Fermentable Sugars

Fermentable sugars are the largest feedstock available to support a bio-based chemicals industry in the United States. A wide range of fermentable sugars can be found in crops and wastes from agriculture and forestry. Major feedstocks include corn, wheat, sorghum, potato, sugarbeet, and sugarcane; other sources include potato-processing residues, sugarbeet and cane molasses, and apple pomace (Polman 1994). Sugars can be produced directly or derived from polysaccharides such as cellulose and starch and then, via microbial fermentation, used to produce a wide range of commodity and specialty chemicals. Existing commercial fermentation primarily utilizes glucose to produce ethanol, acetic acid, amino acids, antibiotics, and other chemicals. Over the long term, new sources of glucose will be required to meet the demands of a bio-based industry.
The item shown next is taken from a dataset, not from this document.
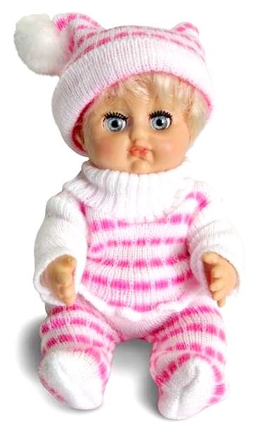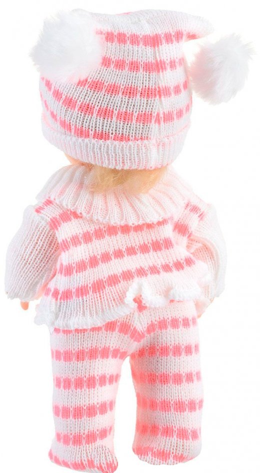 Одета малышка в тёплый вязаный костюмчик, её приятно брать на ручки, так как куколка полностью выполнена из эластичного винила. У куклы подвижные ручки, ножки и голова, а крой и пошив одежды исполнен таким образом, что её легко можно снять и надеть. С такой замечательной куклой девочка проведет множество часов, разыгрывая самые неожиданные игровые ситуации.
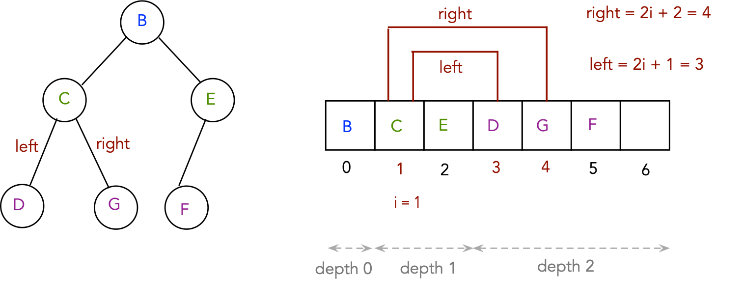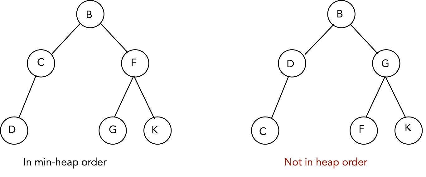 F D I E G K J _ _ _ P=0 L=1 R=2 Left is smallest (=> swap left with root)

Growth of a bio-based chemicals industry will depend on production of cellulose-rich crops, including those currently under production such as corn and alfalfa and others that presently are not grown commercially, such as switchgrass and hybrid poplar.

Significant increases in glucose reserves are available from lignocellulosic substances found in most plants, crop residues, and waste paper. Cellulose can be hydrolyzed by acid to glucose, although much of the glucose is destroyed during this process. The second most abundant sugar found in hardwood and agricultural residues is xylose, which is derived from xylan hemicelluloses. Xylose is relatively easily recovered by acid or enzymatic hydrolysis and can be fermented to ethanol by naturally occurring organisms or recombinant microbes. The practical sugar yield from lignocellulosics would increase significantly if commercial fermentations could utilize xylose, a 5-carbon sugar or pentose, as well as glucose, a 6-carbon sugar or hexose. Novel genetically engineered microorganisms will play a key role in the direct conversion of cellulose oligomers and 5- and 6-carbon sugars to ethanol.

Enxymatic hydrolysis using mixtures of enzymes, such as cellulase and hemicellulaces, is used to avoid the destruction of sugars associated with acid treatments (hydrolysis) of lignocellulosic material. These enzymes, when combined with effective pretreatment of lignocellulosics, provide high yields of glucose, xylose, and other fermentable sugars with minimal sugar losses. However, these enzymes are currently too costly to use in large-scale conversion of lignocellulosic materials to fermentation substrates.